TASK PROMPT: Repeat the entire listing exactly. Omit all pictures.

==============================

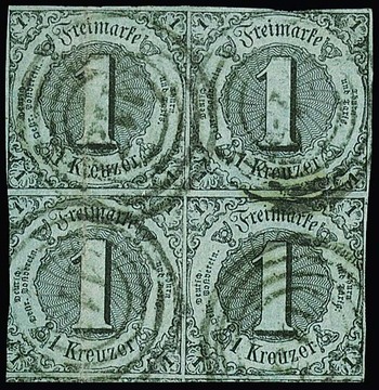 1 Kr. schw./bläulichgrün, von dieser Nuance seltener gestempelter Viererblock (linkes Paar Bug geglättet)
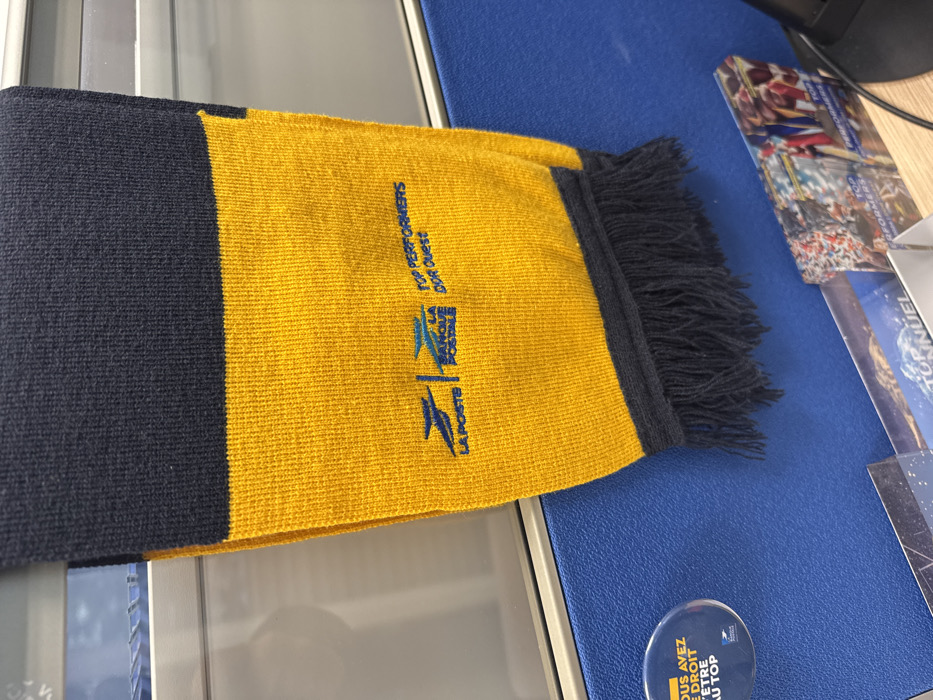 This image captures a close-up view of a promotional scarf and related items within a La Poste or La Banque Postale branch in Caen, France
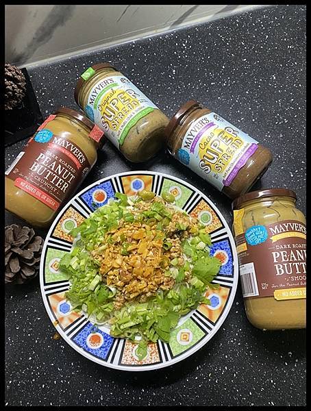 葱末香菜蒜頭..白醋醬油【Mayver's】澳洲無糖超級堅果醬 適量..
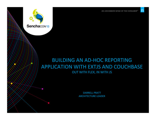 TECHNOLOGY STACK • UI built on Ext JS 4.2.0 • Extensive use of MVC Architecture • De\ JS used for managing mulSple instances of same views ,IOC, Promises • AM Charts used for charSng • D3 used in some edge case chart types • AM Charts used as we had experience with it on Flex applicaSon • Middle Ser composed of Spring MVC and Spring IOC • JSON REST endpoints through configuraSon • XML to JSON conversion where needed • Report Player using Ext Direct • SOA Tier using Tibco AMX 3.2 • Couchbase 2.x – Storage, Caching and Search • Hudson, ArSfactory, Gradle, Jasmine, JS Duck
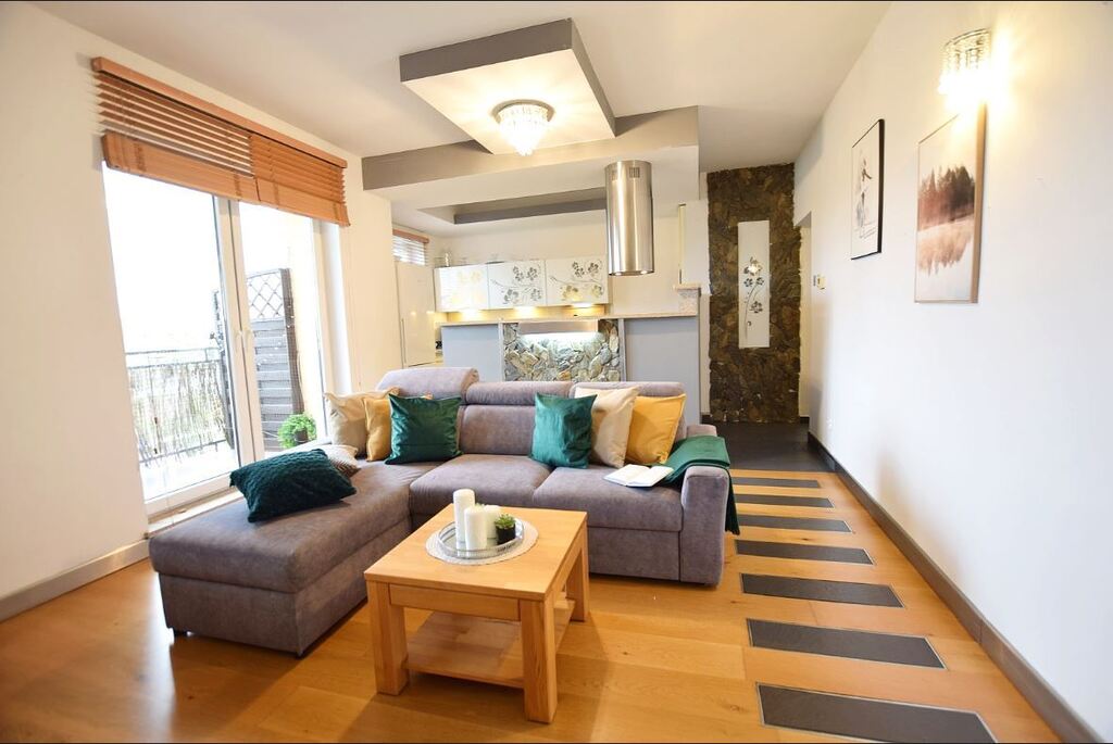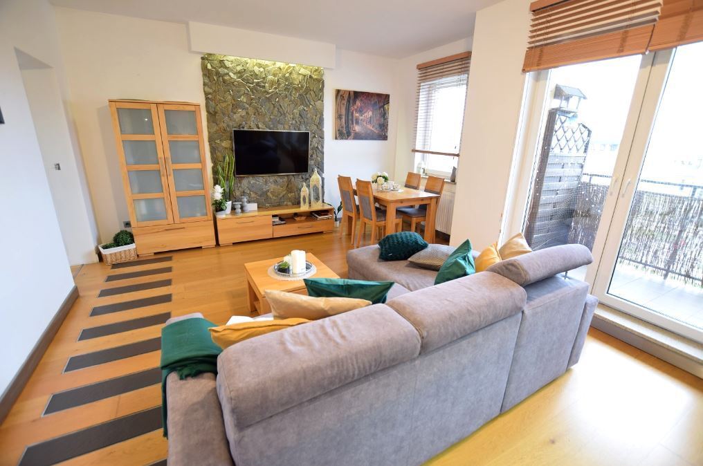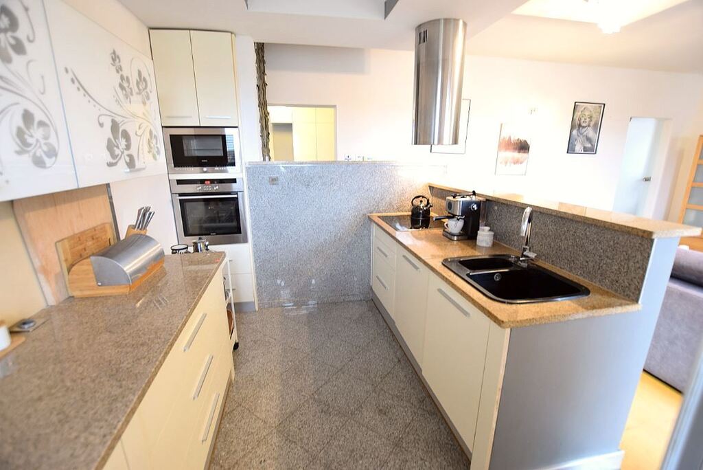 Mieszkanie o podwyższonym standardzie (blaty kuchenne z naturalnego kamienia, designerskie meble łazienkowe z oryginalną umywalką z kamienia na zamówienie, wysokiej klasy deski podłogowe itp.), estetycznie urządzone /w kolorystyce zgodnej z aktualnymi trendami wyposażenia wnętrz.
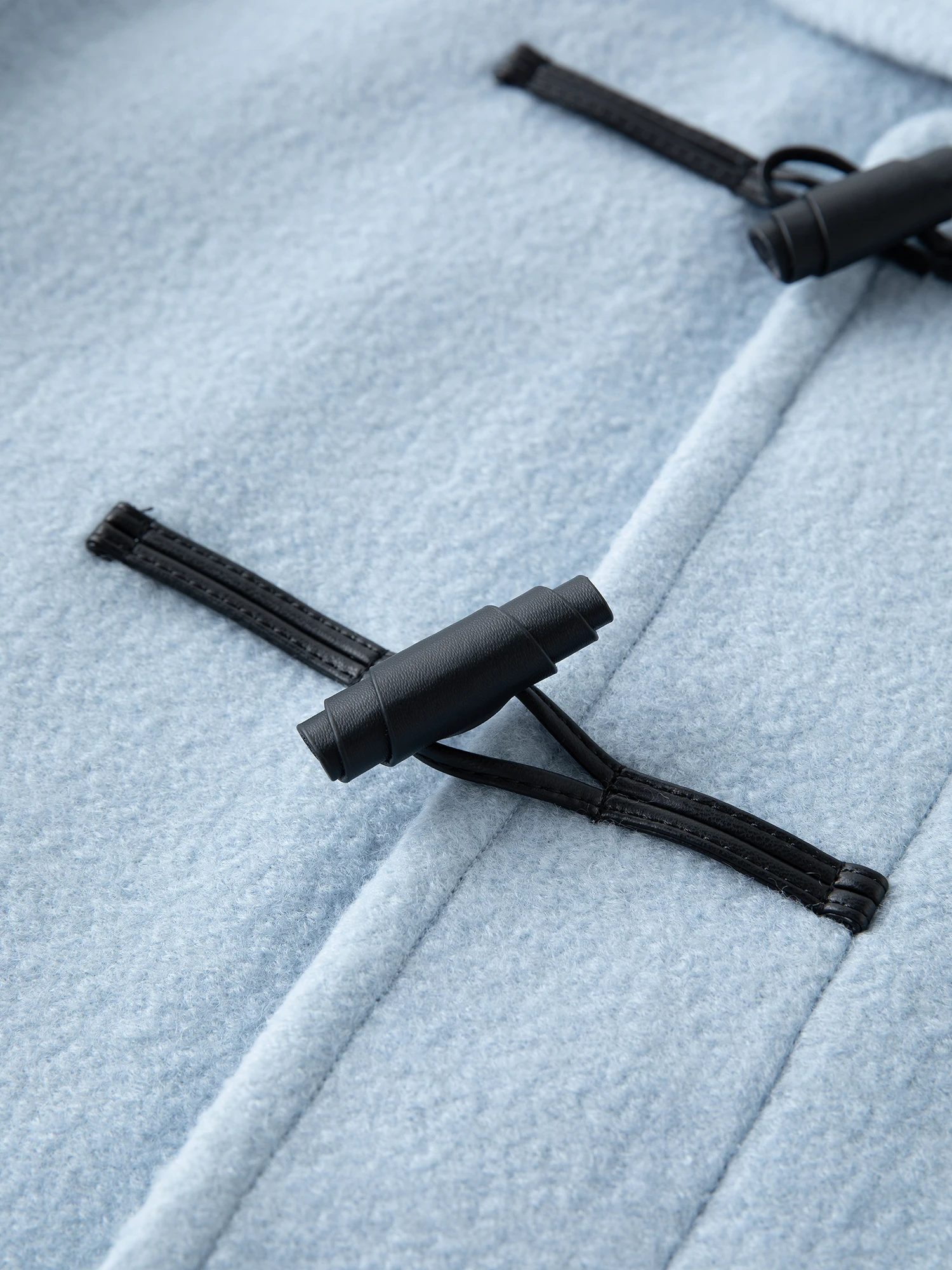 The turtleneck collar and horn button closures add subtle sophistication, while the regular fit accommodates layering with ease. Available in muted green and sky blue, it pairs effortlessly with tailored trousers or a fitted dress for polished winter styling.
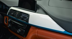While sporting the same front and rear carbon fiber spoilers, it has a more elegant interior – a mixture of black and light brown leather with blue inserts across the dash and on the door panels.
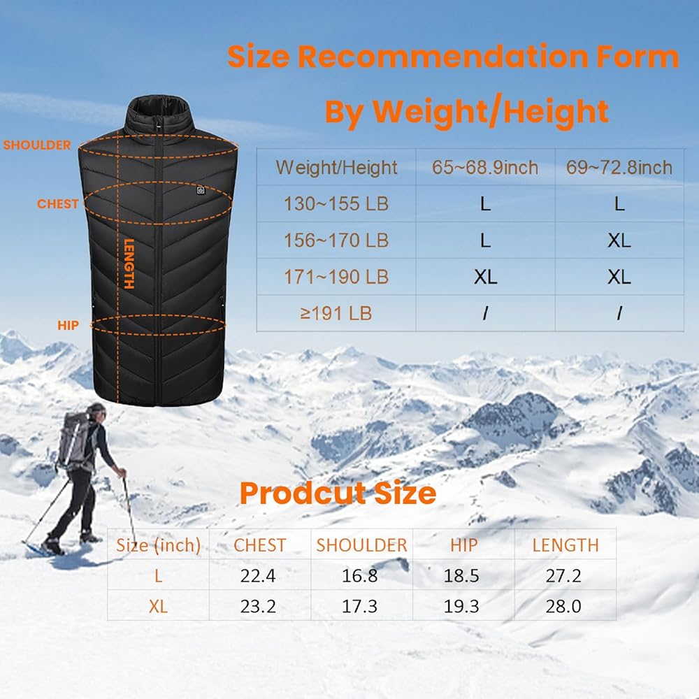 🔥【WARM & COMFORTABLE MATERIAL】Made of super soft polyester, the men women heated vest features excellent windproof, warm and comfortable wear quality, ensuring that you can enjoy sports outdoors without limiting. The smart heated vest are designed for most people, such as cold weather workers and other people engaged in outdoor activities (such as cycling, hiking and other winter sports).
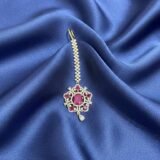 Enhance your traditional style with this stunning ruby color AD stone maang tikka crafted with sparkling American diamond stones and finished with a rich golden polish. The beautiful ruby stone design combined with the elegant golden finish creates a perfect bridal maang tikka look. This stylish traditional tikka for women pairs beautifully with saree, lehenga, and ethnic suits, making it ideal for weddings, parties, and festive occasions. Lightweight and comfortable to wear, this AD stone golden tikka adds a royal touch to your jewellery collection.
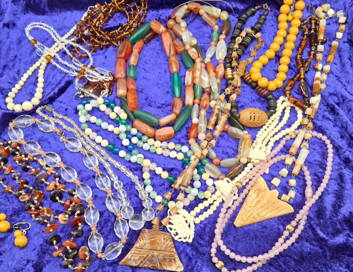LOT 63J: Multiple Necklaces of Many Styles Including Beads, Wood, and More
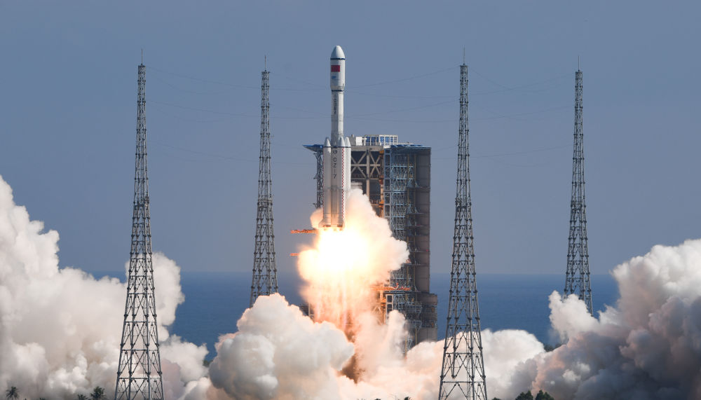 ↑2021年9月20日15时10分,搭载天舟三号货运飞船的长征七号遥四运载火箭,在我国文昌航天发射场点火发射。
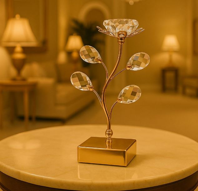 Crafted with precision and attention to detail, this candle stand isn’t just a decor item—it’s a statement piece. The radiant golden finish and crystal embellishments reflect light beautifully, creating a warm and inviting ambiance. Whether you’re using it to light up your dining table, wedding stage, or living room, this candle holder adds charm and elegance to every occasion.
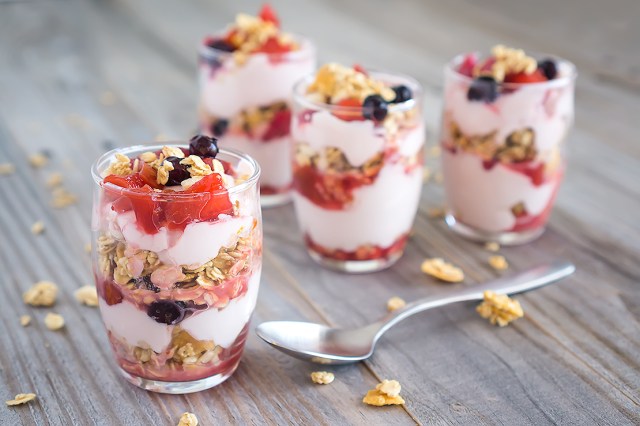 Parfaits are a beautiful alternative to cake, especially at a brunch celebration. And they’re even cuter in small parfait cups. This version from Yay Baby! uses Greek yogurt and fragrant orange zest in the mixture. Dress it up with a sprinkling of shredded coconut, chocolate shavings, nuts, or cinnamon. Expecting guests under age 1? Swap the honey for maple syrup or jam.
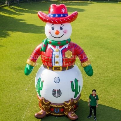 Bring festive charm and Western flair to your event with our Cowboy Snowman inflatable from Chinee Inflatables Inc. This towering character features a cheerful snowman dressed in a plaid shirt, sheriff badge, and oversized cowboy hat and boots, complete with cactus graphics for a playful Wild West vibe. Designed as a decoration piece, it’s perfect for entrances, photo ops, rooftops, plazas, parades, and winter markets where you want to draw attention instantly.
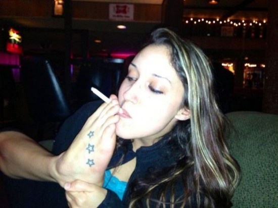 | Hút thuốc bằng chân cũng là một nghệ thuật. |
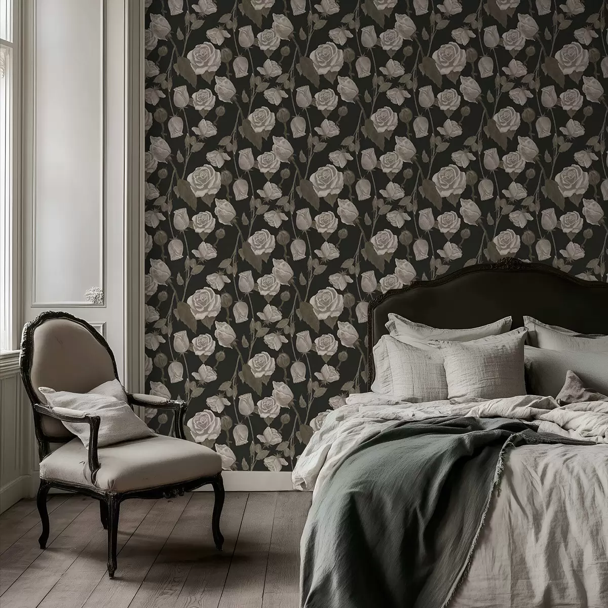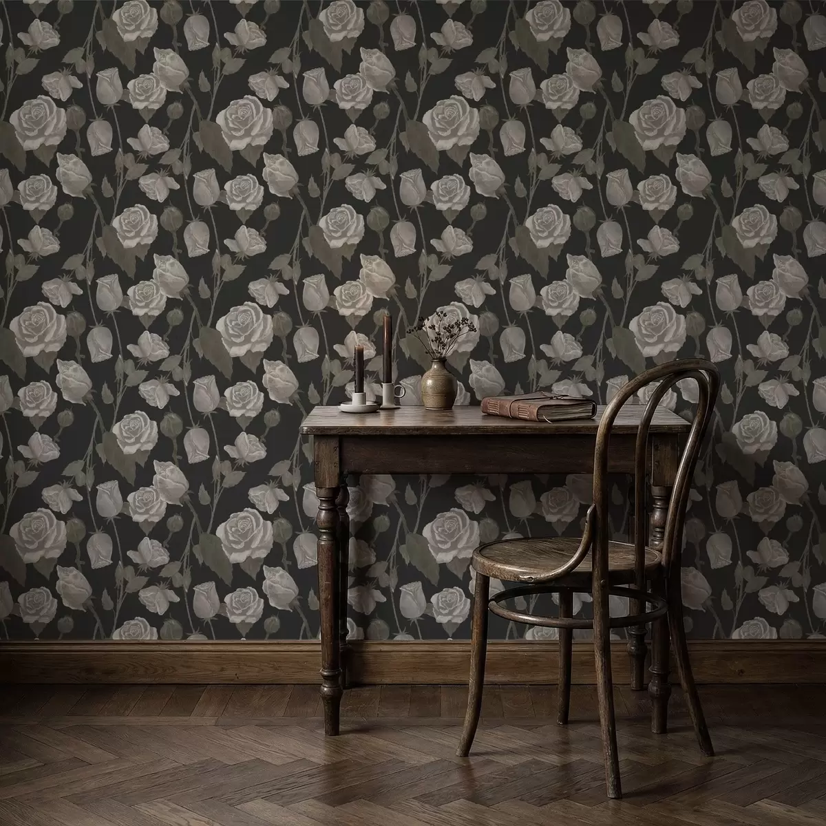 Тапет Цветя с рози на тъмен фон Nr. a01123
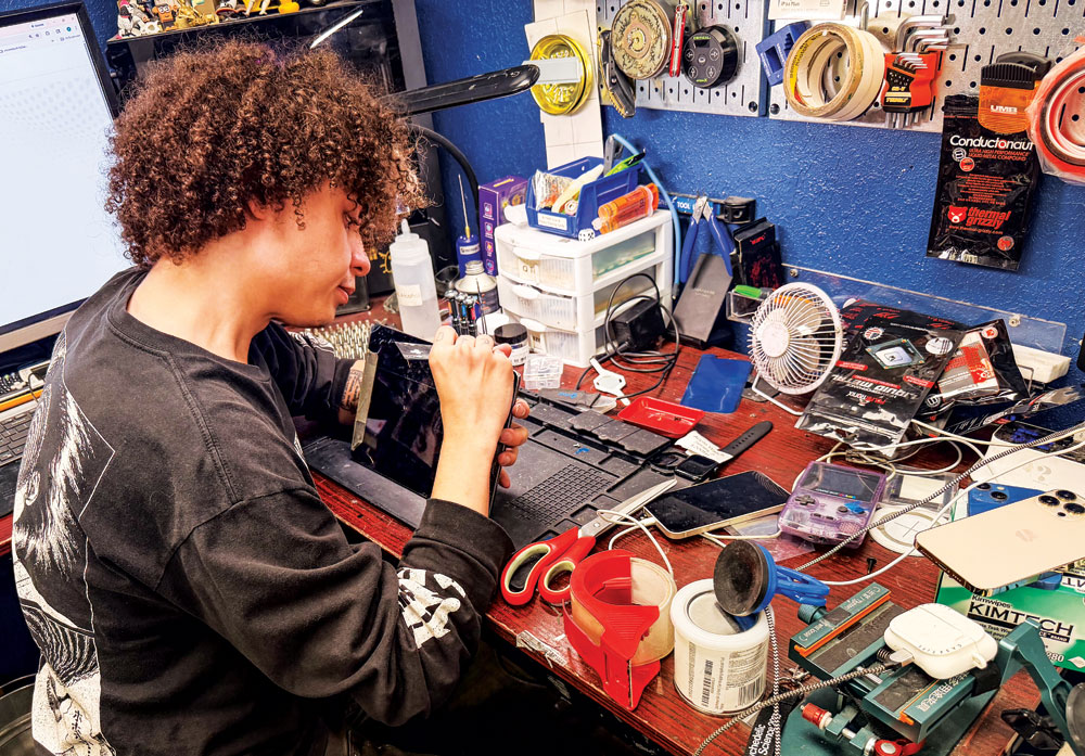 Calling himself a “tinkerer,” master technician Izzy Kerst repaired a tablet at Phone Repair and More.

==============================

RESPONSE AREA:
 1 Kr. schw./bläulichgrün, von dieser Nuance seltener gestempelter Viererblock (linkes Paar Bug geglättet)
 This image captures a close-up view of a promotional scarf and related items within a La Poste or La Banque Postale branch in Caen, France
 葱末香菜蒜頭..白醋醬油【Mayver's】澳洲無糖超級堅果醬 適量..
 TECHNOLOGY STACK • UI built on Ext JS 4.2.0 • Extensive use of MVC Architecture • De\ JS used for managing mulSple instances of same views ,IOC, Promises • AM Charts used for charSng • D3 used in some edge case chart types • AM Charts used as we had experience with it on Flex applicaSon • Middle Ser composed of Spring MVC and Spring IOC • JSON REST endpoints through configuraSon • XML to JSON conversion where needed • Report Player using Ext Direct • SOA Tier using Tibco AMX 3.2 • Couchbase 2.x – Storage, Caching and Search • Hudson, ArSfactory, Gradle, Jasmine, JS Duck
 Mieszkanie o podwyższonym standardzie (blaty kuchenne z naturalnego kamienia, designerskie meble łazienkowe z oryginalną umywalką z kamienia na zamówienie, wysokiej klasy deski podłogowe itp.), estetycznie urządzone /w kolorystyce zgodnej z aktualnymi trendami wyposażenia wnętrz.
 The turtleneck collar and horn button closures add subtle sophistication, while the regular fit accommodates layering with ease. Available in muted green and sky blue, it pairs effortlessly with tailored trousers or a fitted dress for polished winter styling.
While sporting the same front and rear carbon fiber spoilers, it has a more elegant interior – a mixture of black and light brown leather with blue inserts across the dash and on the door panels.
 🔥【WARM & COMFORTABLE MATERIAL】Made of super soft polyester, the men women heated vest features excellent windproof, warm and comfortable wear quality, ensuring that you can enjoy sports outdoors without limiting. The smart heated vest are designed for most people, such as cold weather workers and other people engaged in outdoor activities (such as cycling, hiking and other winter sports).
 Enhance your traditional style with this stunning ruby color AD stone maang tikka crafted with sparkling American diamond stones and finished with a rich golden polish. The beautiful ruby stone design combined with the elegant golden finish creates a perfect bridal maang tikka look. This stylish traditional tikka for women pairs beautifully with saree, lehenga, and ethnic suits, making it ideal for weddings, parties, and festive occasions. Lightweight and comfortable to wear, this AD stone golden tikka adds a royal touch to your jewellery collection.
LOT 63J: Multiple Necklaces of Many Styles Including Beads, Wood, and More
 ↑2021年9月20日15时10分,搭载天舟三号货运飞船的长征七号遥四运载火箭,在我国文昌航天发射场点火发射。
 Crafted with precision and attention to detail, this candle stand isn’t just a decor item—it’s a statement piece. The radiant golden finish and crystal embellishments reflect light beautifully, creating a warm and inviting ambiance. Whether you’re using it to light up your dining table, wedding stage, or living room, this candle holder adds charm and elegance to every occasion.
 Parfaits are a beautiful alternative to cake, especially at a brunch celebration. And they’re even cuter in small parfait cups. This version from Yay Baby! uses Greek yogurt and fragrant orange zest in the mixture. Dress it up with a sprinkling of shredded coconut, chocolate shavings, nuts, or cinnamon. Expecting guests under age 1? Swap the honey for maple syrup or jam.
 Bring festive charm and Western flair to your event with our Cowboy Snowman inflatable from Chinee Inflatables Inc. This towering character features a cheerful snowman dressed in a plaid shirt, sheriff badge, and oversized cowboy hat and boots, complete with cactus graphics for a playful Wild West vibe. Designed as a decoration piece, it’s perfect for entrances, photo ops, rooftops, plazas, parades, and winter markets where you want to draw attention instantly.
 | Hút thuốc bằng chân cũng là một nghệ thuật. |
 Тапет Цветя с рози на тъмен фон Nr. a01123
 Calling himself a “tinkerer,” master technician Izzy Kerst repaired a tablet at Phone Repair and More.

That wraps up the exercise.